== EXERCISE DATA ==

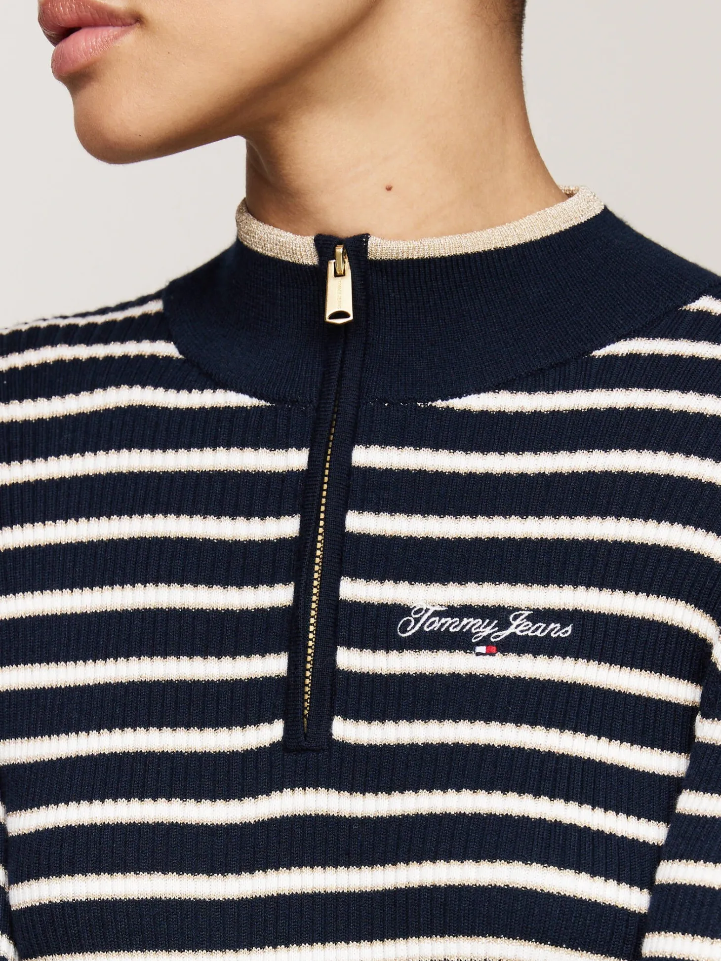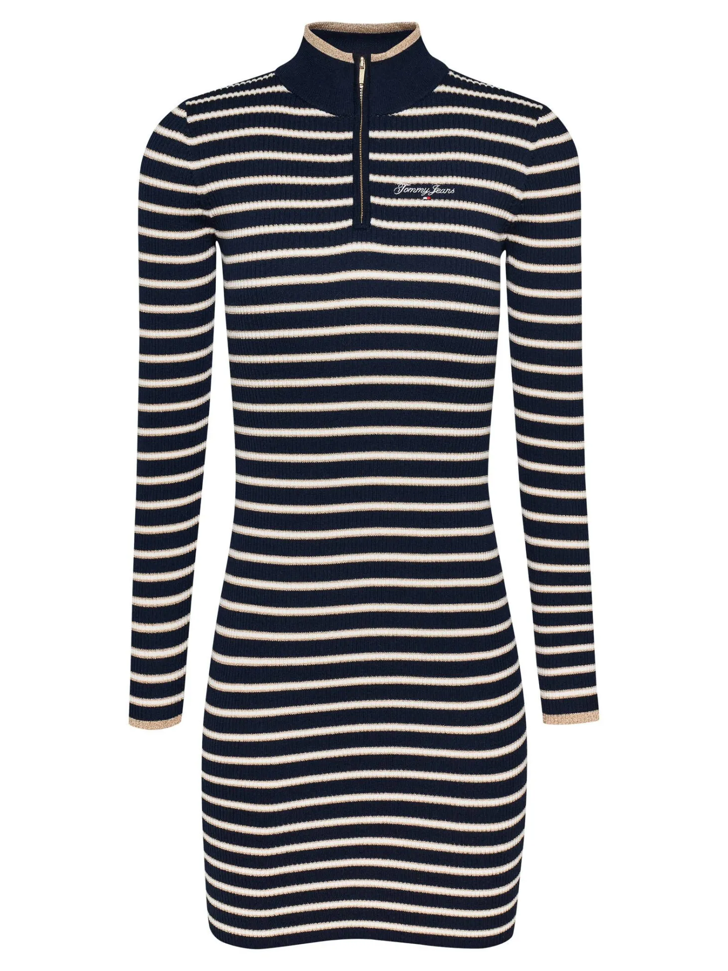 Dieses schöne Pulloverkleid von Tommy Jeans begeistert mit funkelnden Details und angenehmer Strickqualität.
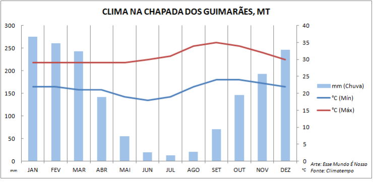 Os meses mais quentes são agosto, setembro e outubro. Nesta fase do ano, há mais possibilidade de queimadas.
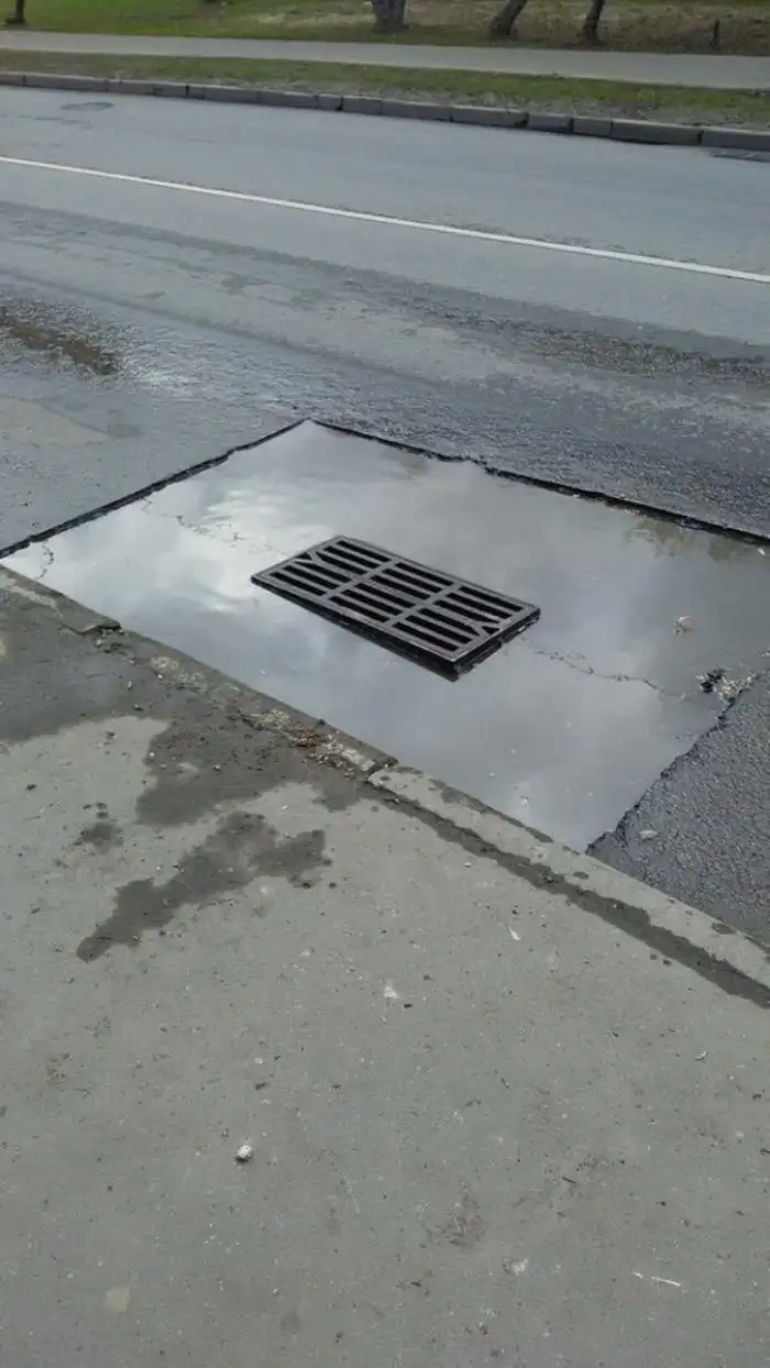Открывает подборку дорожного ада поглощающие ямы и ливнёвая канализация

===

• _PROBLEM TO WORK ON_: Transcribe the material exactly, leaving every picture out.

• _ANSWER TO THIS TASK_:
 Dieses schöne Pulloverkleid von Tommy Jeans begeistert mit funkelnden Details und angenehmer Strickqualität.
 Os meses mais quentes são agosto, setembro e outubro. Nesta fase do ano, há mais possibilidade de queimadas.
Открывает подборку дорожного ада поглощающие ямы и ливнёвая канализация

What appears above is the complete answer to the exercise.